Now that they're back in Toronto, he and his wife deem the loft too small and its open plan unsuitable for raising a family. So they'd like to buy a house within biking distance of Tanya's workplace. They figure it would cost about $600,000.
They'd like to keep their income property, too.
What Our Expert Says
We asked Warren MacKenzie, president and chief executive officer of Second Opinion Investor Services Inc., to take a look at Edward and Tanya's situation.
Tanya and Edward are contributing to their pension plans and their registered retirement savings plans, paying down their mortgage and planning to work part-time when they retire. Since they're already taking the important steps, they need only continue doing what they're doing, enjoy their working years, and let retirement take care of itself, Mr. MacKenzie says.
They already own a rental property, which carries itself from a cash flow point of view but produces no extra income, and in which they have about $160,000 of equity.
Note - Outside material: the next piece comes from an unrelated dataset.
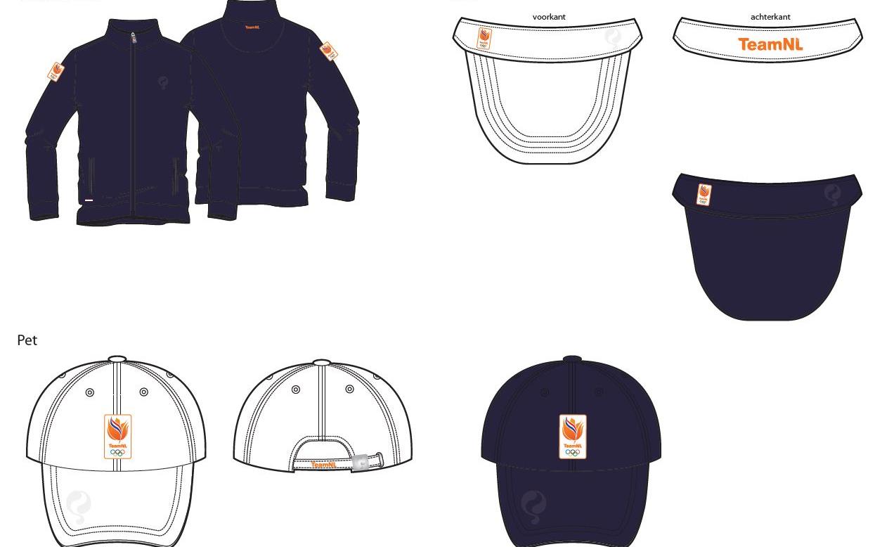 Op de rechtermouw staat het logo van TeamNL met de Olympische ringen. Dat is ook terug te vinden op de pet en de visor (zonneklep)

But they want to buy a larger home, better suited to raising a family.
“There is more to life than retirement, so if a larger home is needed to make family life better, and if they can afford to buy it, they should do so,” Mr. MacKenzie says.
If they do buy a home to raise their family, can they keep their rental property or should they sell it?
There are pros and cons to both approaches, but on balance, it would be prudent to sell the rental property, Mr. MacKenzie says, because the advantages of selling far outweigh the disadvantages.
The disadvantages of selling are twofold: Selling will trigger capital gains taxes of about $30,000, and if real estate soars in value, then having more real estate will mean a greater increase in net worth.
The advantages of selling the rental property are many: Edward and Tanya will lock in the capital appreciation that has occurred. They can use the money to pay down $20,000 of non-deductible student loans. Selling eliminates the hassle and risk of finding and dealing with tenants and it will allow them to make a larger down payment on their new home. They can use some of the proceeds to use up $23,500 of RRSP room, which will partly offset the capital gains tax they will pay.